Human vision is very advanced.  While a human child can look at a cartoon picture of a chicken and know that's a chicken, computers cannot.   We can also recognize cars, people, trees and lampposts instantaneously on a busy street without much thought and decide what to do.

That's an enormous number of computations and just one reason that coming up with a computer-driven system that can mimic the human brain in visually recognizing objects has been difficult.  Eugenio Culurciello of Yale's School of Engineering&Applied Science has developed a machine dubbed Neuflow, which is 'based' on the human visual system and operates much more quickly and efficiently than predecessors, coming closer to the mammalian visual system.

The system uses vision algorithms developed by Yann LeCun at New York University to run large neural networks for synthetic vision applications. One application is a system that would allow cars to drive themselves. In order to be able to recognize the various objects encountered on the road such as other cars, people, stoplights, sidewalks and the road itself, NeuFlow processes multiple high resolution images in real time.
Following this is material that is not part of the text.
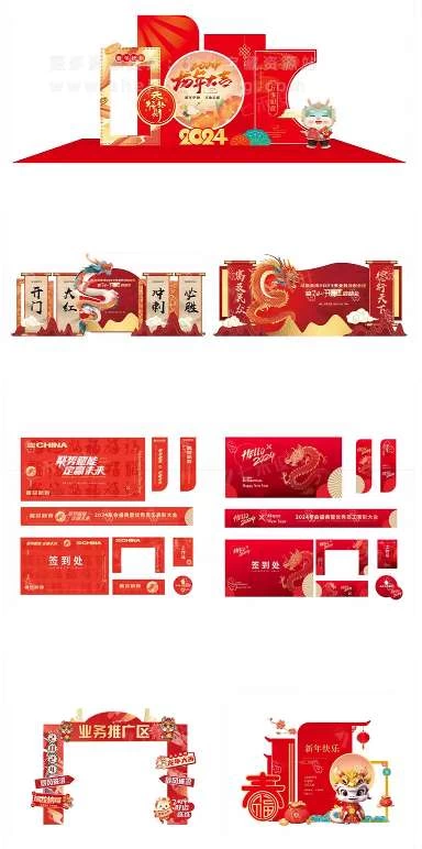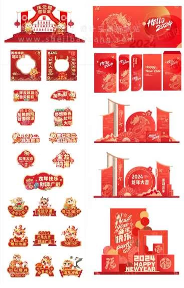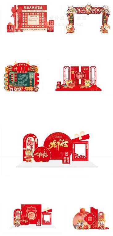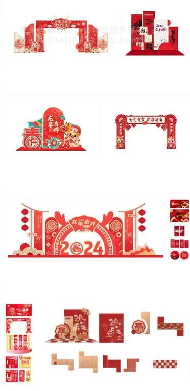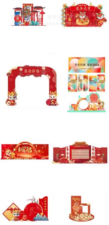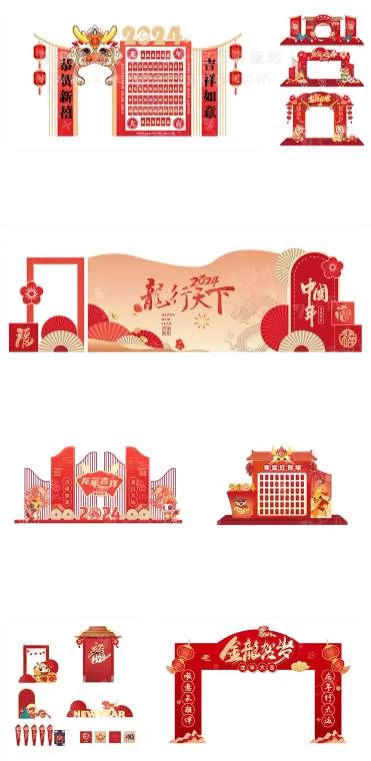 这套2024龙年新年春节元旦美陈物料龙门架拍照框周边设计Ai源文件是您不容错过的设计宝藏。赶快行动起来,用这套素材为您的节日增添一抹亮色吧!

They say the system is also extremely efficient,  running more than 100 billion operations per second using less power than the power a cell phone uses - what bench-top computers with multiple graphic processors require more than 300 watts to achieve.

NeuFlow is a supercomputer that mimics human vision to analyze complex environments, such as this street scene.   Credit: Eugenio Culurciello/e-Lab

"One of our first prototypes of this system is already capable of outperforming graphic processors on vision tasks," Culurciello said.

Culurciello embedded the supercomputer on a single chip, making the system much smaller, yet more powerful and efficient, than full-scale computers. "The complete system is going to be no bigger than a wallet, so it could easily be embedded in cars and other places," Culurciello said.

Beyond the autonomous car navigation, the system could be used to improve robot navigation into dangerous or difficult-to-reach locations, to provide 360-degree synthetic vision for soldiers in combat situations, or in assisted living situations where it could be used to monitor motion and call for help should an elderly person fall, for example.

Culurciello presented the results Sept. 15 at the High Performance Embedded Computing (HPEC) workshop in Boston, Mass.